Village in Cambridgeshire, England

Stapleford is a village located approximately 4 miles to the south of Cambridge, in the county of Cambridgeshire, in eastern England on the right-hand bank of the River Granta. Stapleford is first mentioned in 956 when it was given the Latinised name of Stapelforda, formerly Stapleton. Unlike most parishes, the spelling has hardly changed since then. The parish, however, was inhabited long before this. Wandlebury Ring, which lies within the parish boundary, is an Iron Age hill fort, originally built in the 3rd century BC, but rebuilt with a double bank in the 1st century AD. More recently, the village found fame with the discovery that Barack Obama is a direct descendant of one Thomas Blossom, who grew up here towards the end of the 16th century before emigrating to the United States.

Stapleford is home to two pubs, The Rose and The Three Horseshoes.
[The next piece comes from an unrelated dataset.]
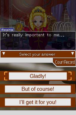 - Parodied in Phoenix Wright Ace Attorney: Justice For All. In case 3, when the painfully cute Regina Berry asks Phoenix for a favor, all the responses are basically "yes", and regardless of which one you choose, Phoenix will say to himself that he just can't say no to a girl like Regina.

The village also is home to Saint Andrew's church, a primary school, several garages, two hairdressers, allotments, a youth football club, a cricket team and several farms.

Famous ex-residents include the racing driver Robert Huff, and the Nobel laureates Sir John Sulston (Nobel Prize in Physiology or Medicine, 2002) and Sir James Mirrlees (Nobel Memorial Prize in Economic Sciences, 1996), both of whom died in 2018.

From 1750 to 1755, John Berridge, the later evangelist, served as curate in Stapleford near Cambridge, riding out from Clare College.
He performed his duties with "a sincere desire to do good". He preached and taught "the importance of sanctification". Yet, as Berridge later reflected, his ministry in Stapleford was fruitless because he neither believed nor preached the gospel of justification by faith. Because he believed that he was having "no beneficial effect, spiritual or moral" on his congregation, he resigned, later to become vicar of Everton, near Sandy.

Stapleford is twinned with Villedomer, in the Loire region of France. Stapleford is also twinned with Nachingwea, one of the six districts in the Lindi Region of Tanzania.